The problem is as follows:
An homogeneous brass bar which goes from point $A$ to point $B$ has a weight of $300\,N$. The bar is suported over two frictionless surfaces as it is shown in the picture from below. The system is in static equilibrium by the action of the force excerted by the spring tied to the end at point $B$ on the bar which in turn is fixed to the ceiling. Using this information find the elongation of the spring. Assume that the constant of the spring is $k=500\,\frac{N}{m}$.
The alternatives given in my book are as follows:
$\begin{array}{ll} 1.&28\,cm\\ 2.&23\,cm\\ 3.&25\,cm\\ 4.&26\,cm\\ 5.&30\,cm\\ \end{array}$
What I did to solve this problem was to use a "trick" which I seen in a similar problem about a ladder standing next to a wall.
The rationale was that when an horizontal object is leaning against two surfaces there will be a reaction from both. But if it is asked a force in between. You may use any point to establish the torque about that point and use Varignon's theorem? to find the unknown force. This is done to "cancel out" the reaction force from both surfaces.
Therefore:
Torque about the point specified in the figure from below results into:
$\sum_{i=1}^{n}\tau=0$
$(l\cos 30^{\circ})\times(300)+500\times x \times 2l =0$
simplifying terms:
$-\frac{\sqrt {3}}{2}\times 3 + 10 x = 0$
$x= \frac{3 \sqrt {3}}{20}\approx .2598076212 \,m$
which transformed into cm would be about $26\,cm$ and this appears in the alternatives as option four. But is my answer the right approach to this problem?.
My source of confusion is that in the problem is not indicated if the spring is paralell to the incline or if it does make another angle.
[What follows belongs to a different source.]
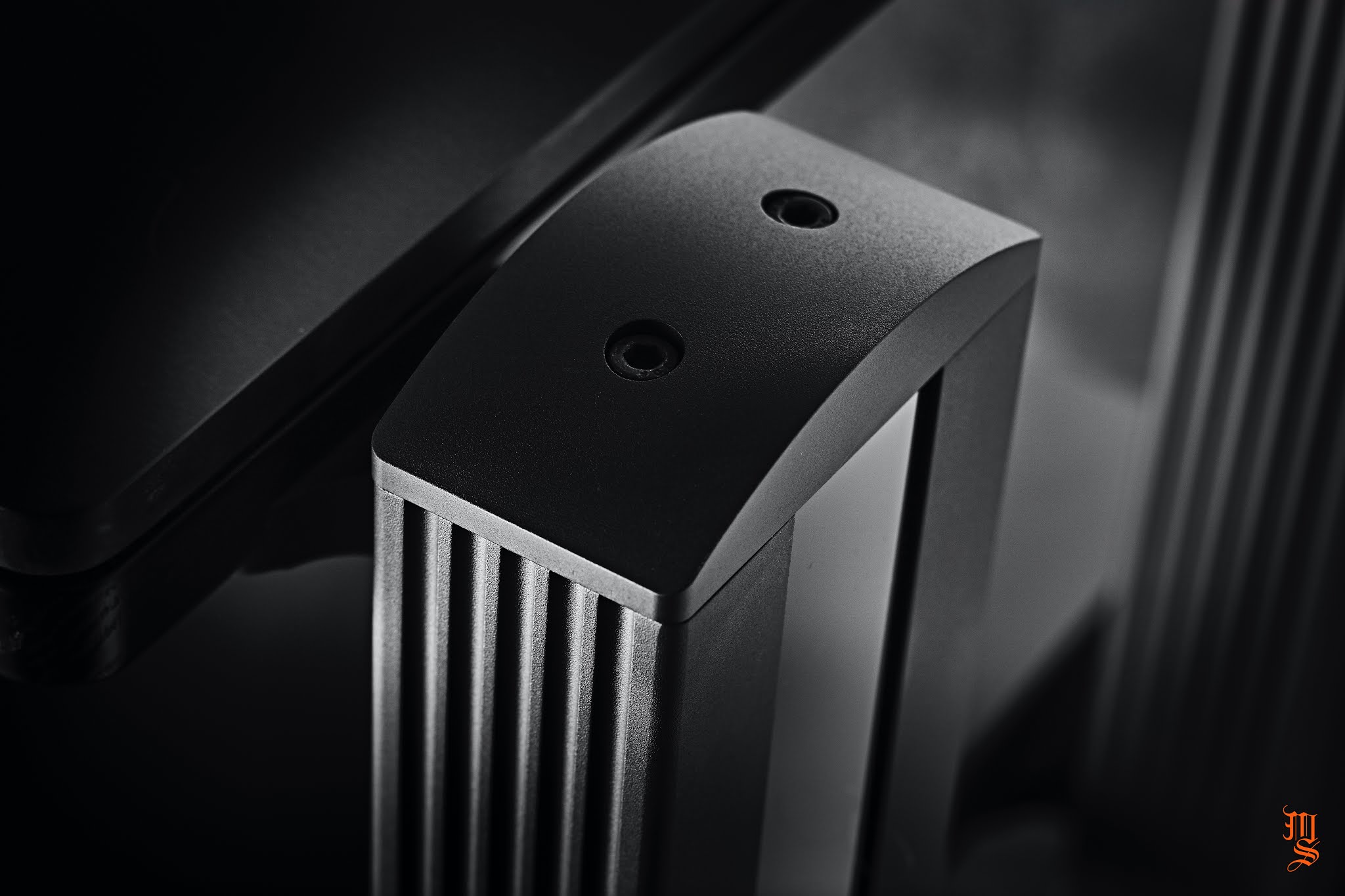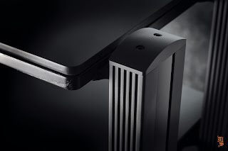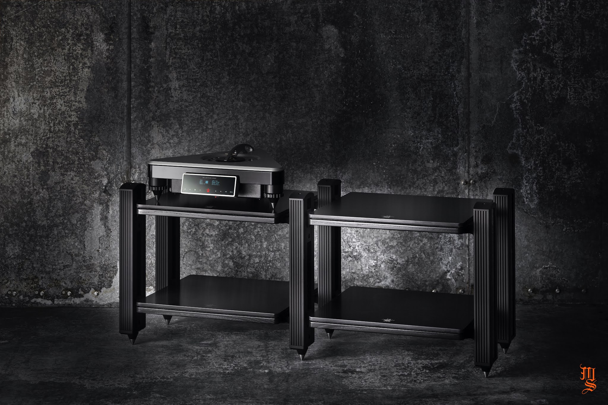 Each shelf is a triple, constrained layer damped sandwich consist- ing of a top plate of Kerrock® and a bottom layer of compressed high-density MDF, joined by a thin, non-resonant layer of sticky, black, highly viscous bitumen for optimal resonance control and mechanical damping. Kerrock® is a non-porous, homogeneous material, composed of one-third acrylic resin (also known as polymethyl methacrylate or PMMA), and two-thirds natural minerals.

It is not indicated in the problem but how can I find let's say the Reaction in both the floor and in the wall?. How can I find these?. Am I using Varignon's theorem in this problem?. Can someone help me with this matter please?.
Calling $\alpha = 30^{\circ},\ \beta = 60^{\circ}$ and
$$ \cases{ A=(0,0)\\ B=A+l(\cos\alpha,\sin\alpha)\\ G = \frac 12\left(B+A\right) } $$
with the forces
$$ \cases{ f_A = (0,N_A)\\ f_B = k \Delta x (\cos\beta,\sin\beta)+N_B(-\cos\alpha,\sin\alpha)\\ f_G = (0,-W) } $$
we have
$$ \cases{ f_A+f_B+f_G = 0\\ (A-B)\times f_A+(G-B)\times f_G = 0 } $$
from which we obtain
$$ N_A = \frac W2,\ N_B = \frac W4,\ \Delta x = \frac{\sqrt{3}W}{4k} $$
so $\Delta x\approx 0.26$ cm
Another way using virtual displacements.
Calling
$$ \cases{ f_{B_1} = k \Delta x (\cos\beta,\sin\beta)\\ f_{B_2} = N_B(-\cos\alpha,\sin\alpha) } $$
In equilibrium, we have
$$ \delta A\cdot f_A + \delta G\cdot f_G + \delta B \cdot\left(f_{B_1}+f_{B_2}\right) = 0 $$
and due to orthogonality
$$ \delta A\cdot f_A = \delta A\cdot f_G = \delta B\cdot f_{B_2} = 0 $$
and following
$$ \frac 12\left(\delta A + \Delta x(\cos\beta,\sin\beta)\right)\cdot f_G + k (\Delta x)^2\left(\cos\beta,\sin\beta\right)\cdot \left(\cos\beta,\sin\beta\right)=0 $$
or
$$ -\frac 12 W\sin\beta + k\Delta x = 0\Rightarrow \Delta x = \frac{\sqrt{3}W}{4k} $$